I've generally felt that way about King since "It", which was so bloated I was rooting for the clown to kill the kids and end my reading misery.

He's done some decent things since, but it seems to be tight writing at his whim, not as a rule.

Recently came across a fictitious memo from an editor to his famous author. "Dostoievski: Your manuscript, Crime, Punishment, and Repentence is too long. Cut it by a third".

How could you miss the point? You couldn't be more wrong about what King was trying to say with his Dark Tower books. The Writer does not CREATE the world he writes about. That world already exists but certain people must write about it. King said himself the the stories just come out of him,like he's not in charge. Read the book twice. Matter of fact read a couple more king books and the complete picture comes together. There are MANY worlds other than the world we know.King is basically saying that all fiction is not really fiction but real events in parallel worlds. This is why you cant just "MAKE Up" a story. A true writer is just a doorway to another world. Who's to say that if we reach the edge of the universe you wont find yourself on a rose petal? We a human beings take what we call "imagination" for granted. After all, OUR world is REAL. Right? I mean we ACTUALLY exist. No one ever really thinks about this,because thinking about it can drive a person mad. We block that out by worrying about car payments,rent,what movie we're gonna see.Trivial stuff. When you sit down and think about the fact that we EXIST,and how big a thing like that is. The ANYTHING seems possible.

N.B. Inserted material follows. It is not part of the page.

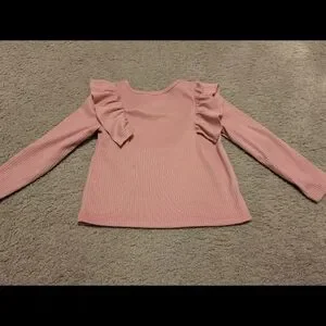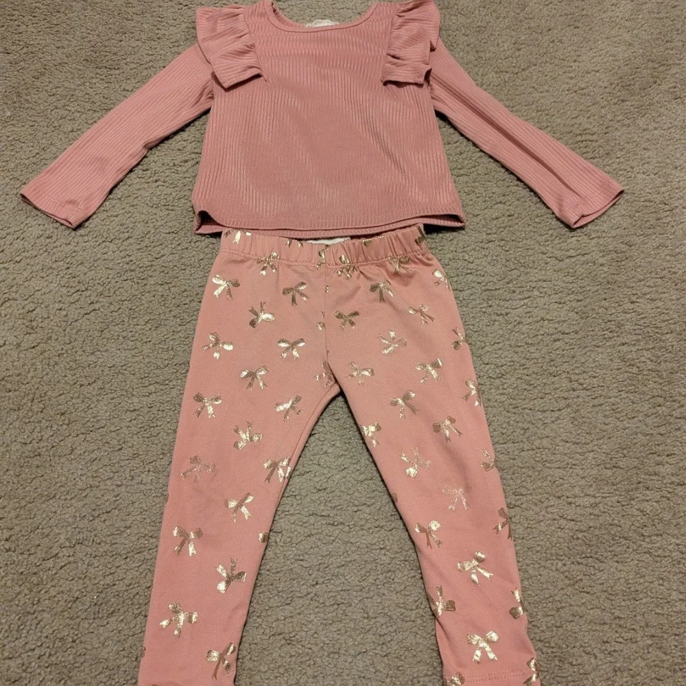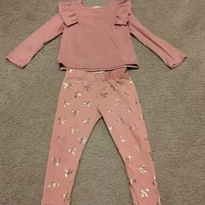 Adorable pink top with ruffle sleeves. Matching pink leggings with gold bow patterns. Perfect for stylish outings.

Actually, Juan, I've read a lot of Stephen King books. I've read about half of the things he's written. And I disagree about what his point was. Both Roland and Eddie refer to the world they entered as the real world. A world that was "real beyond reality. It was...anti-todash." Not that it was a parallel world.

They also refer to King as the man who made them, their god, if you will. If King merely opened the doorway, he would not be the man who made them.

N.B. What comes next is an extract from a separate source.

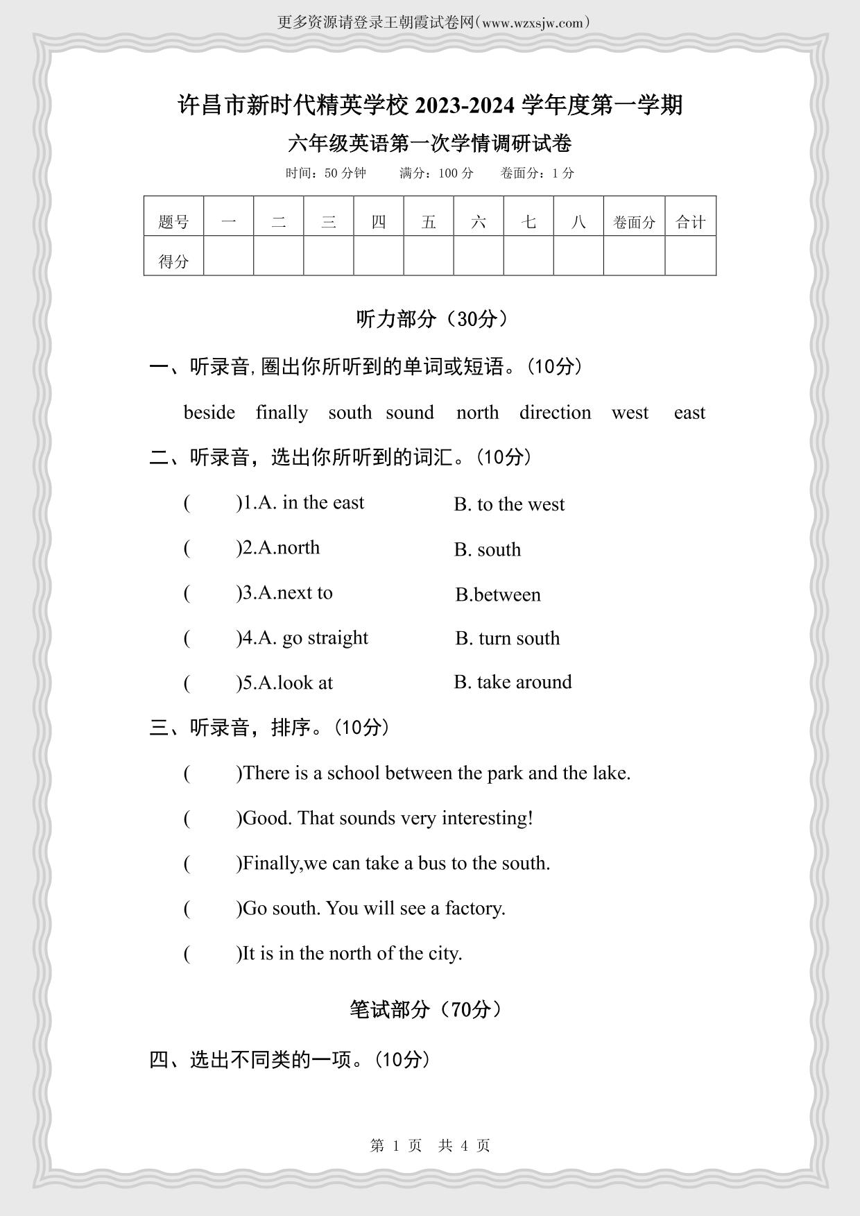 河南省许昌市东城区新时代精英学校2023-2024学年度上学期第一次学情调研月考试卷六年级英语(湘鲁版)

"I don't think he needs to be immortal. I think all he needs to do is write the right story. Because some stories do live forever."

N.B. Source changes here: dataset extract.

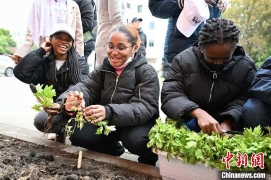 蹲在苗圃邊,用小鏟子先松松土,挖出個小坑,再把一株艾草幼苗小心翼翼地種入土中,最后覆蓋上泥土......24日下午,在同濟(jì)大學(xué)南校區(qū)一塊小園圃里,來自55個國家的百余名留學(xué)生們一起種下艾草、杜仲等中草藥,零距離感受中醫(yī)文化的奇妙之處。
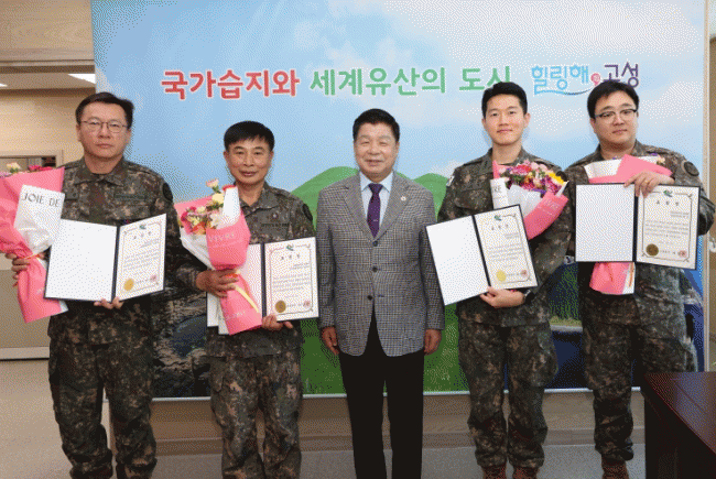 [NWS¹æ¼Û=Çѽ¸ñ ±âÀÚ]°í¼º±ºÀº 5¿ù 8ÀÏ ±º¼ö½Ç¿¡¼­ ¡®Á¦57Áֳ⠿¹ºñ±ºÀÇ ³¯¡¯À» ¸Â¾Æ Áö¿ª ¾Èº¸¿¡ ±â¿©ÇÑ ¿¹ºñ±º À¯°øÀÚ 4¸í¿¡°Ô ǥâÀ» ¼ö¿©Çß´Ù. À̳¯ Çà»ç´Â Áö¿ª ¿¹ºñ±º Á¶Á÷ÀÇ È°¼ºÈ­¿Í ÅëÇÕ¹æÀ§ ¾÷¹«¿¡ ±â¿©ÇÑ °ø·Î¿¡ °¨»çÀÇ ¶æÀ»¡¦

Understanding lit up Roland's eyes. At last, Eddie thought. At last he sees it.

But how long had it taken him to see it himself, and then to swallow it? God knows he should have been able to, after all the other wonders he'd seen, and yet still this last step had eluded him. Even discovering that Pere Callahan had seemingly sprung alive and breathing from a fiction called 'Salem's Lot hadn't been enough to take him that last crucial step. What had finally done it was finding out that Co-Op City was in the Bronx, not Brooklyn. In this world, at least. Which was the only world that mattered.

"Maybe he's not at home," Roland said, as around them the whole world waited. "Maybe this man who made us is not at home."

There's also the notion that in King's world, time travels in just the one direction. In other worlds, the fictional worlds, if you will, Roland and Eddie could go back and revisit a day. But in King's world, they can only visit a day once.

So the writer creates the world, but once created cannot control it. It then takes on its own will and pushes at the writer. Since the writer creates the world, there are doors between his worlds, the doors of his psyche. But the world of the writer is the real world, not the other worlds.

"King said himself the the stories just come out of him,like he?s not in charge."

You've proved Lesley's point right here Juan.